A biography of the mother of the author of “The Little Prince”, providing insight into her son Antoine’s life and humanist values.
The navigator’s mother had a particularly strong relationship with her son, who was her third child, but her very first boy—and who would effectively become the eldest male in the family after the death of his father, Jean, in 1904. Antoine was 4 years old at the time. His mother, who never remarried, frequently went to stay with her parents, brothers and other relatives. It was against this backdrop of constantly moving around that young Antoine grew up, surrounded by his younger brother and three sisters.
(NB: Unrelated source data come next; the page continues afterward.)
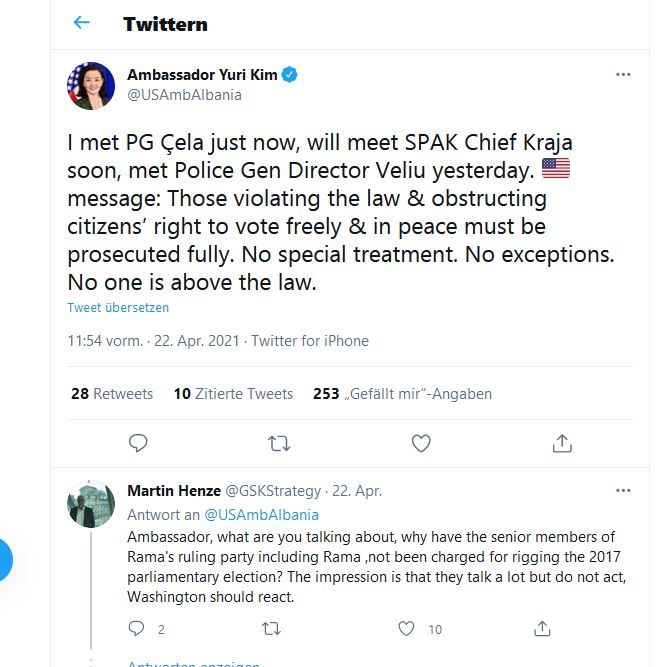 Këshilltari i CDU-së ne Gjermani Martin Henze i ka replikuar ambasadores amerikane në Shqipëri Yuri Kim pas Twitter-it të kësaj të fundit për takimin me Kryeprokuroprin e Përgjithshëm Olsian Cela.
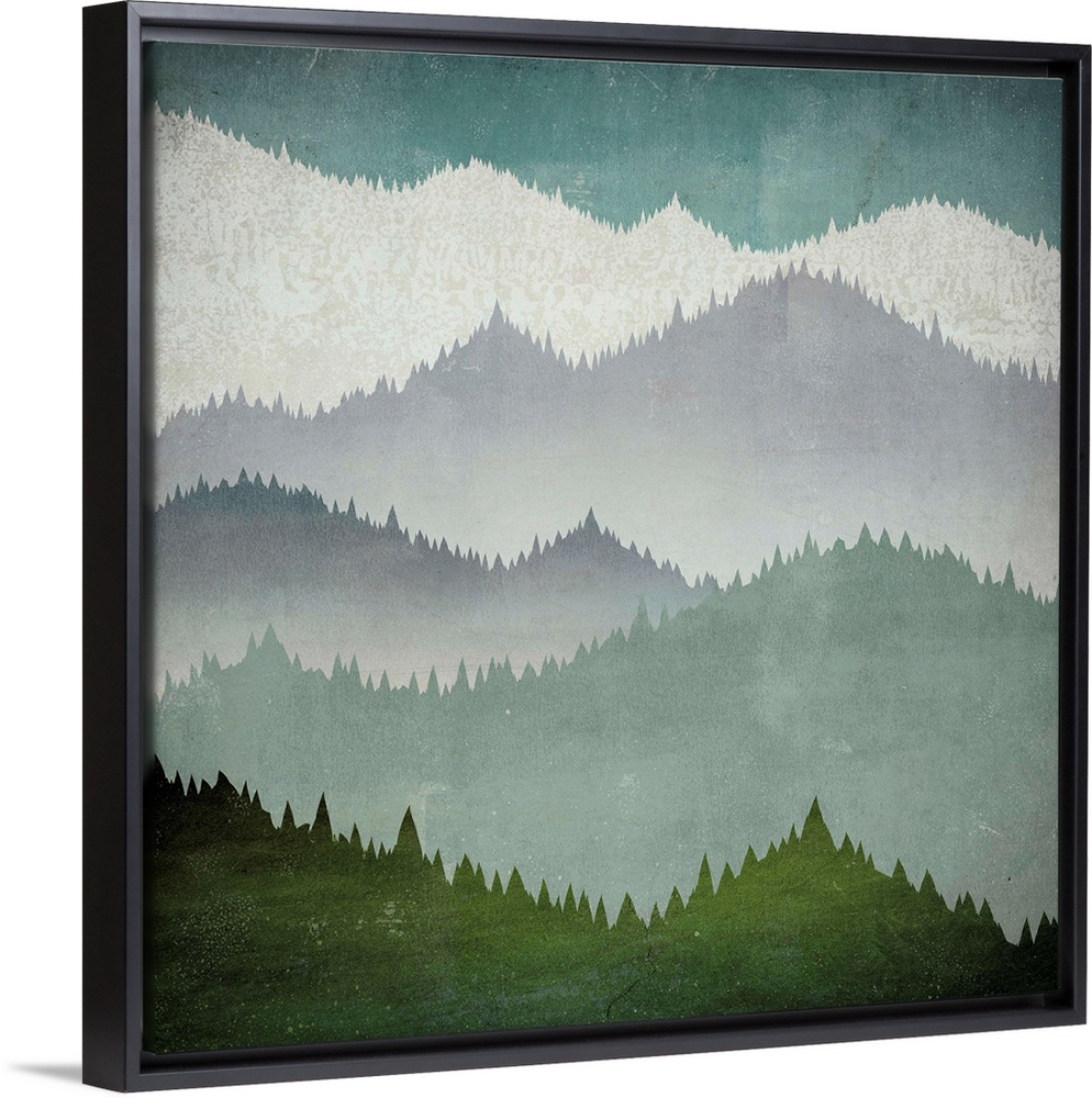 <p>Contemporary artwork of mountains covered in dense forest in cool tones.</p>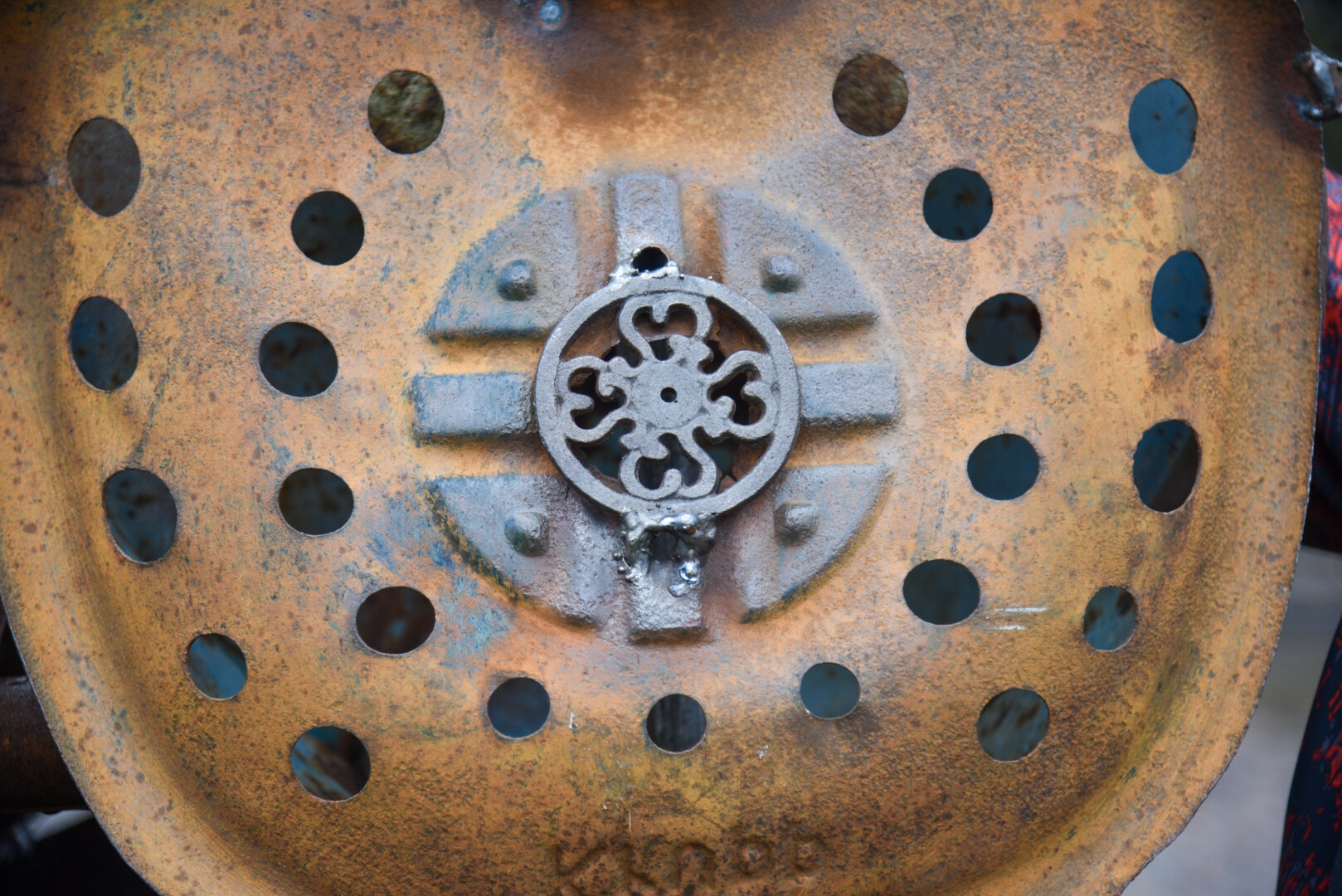 Mat iš įvairiausių metalinių detalių ar buityje nebenaudojamų senų rakandų sukonstruotas mėšlavabalis, ridenantis didžiulį rutulį, surištą iš galybės metalinių kastuvų, gali būti aiškinamas dvejopai.

When the First World War broke out, she set up an infirmary in the Lyon region, in Ambérieu, a town where Antoine had come to admire airplanes a few years earlier. Antoine grew up and graduated from high school in 1917. After the war, Marie and her children moved into a property she inherited from her aunt. Marie painted—so well, in fact, that she was accepted into the Salon d’Automne, an association of French artists, in 1922. By this time, Antoine had begun his military service as a mechanic with the 2nd Aviation Regiment in Strasbourg and was soon promoted to corporal. The Little Prince was flying at last!
Between the wars, she continued to care for the poor and the sick. Meanwhile, Antoine was following his own legendary career in the Aéropostale aviation company and establishing himself as a major author. Then came the Second World War, the departure for America, “The Little Prince” and that day of July 31, 1944, when Antoine’s reconnaissance plane disappeared in the Mediterranean… Finding refuge first in prayer, then in helping those most in need, Marie would sign her letters “Marie de Saint-Exupéry, Antoine’s mother”. This book goes into further detail about the kind of woman she was and their relationship.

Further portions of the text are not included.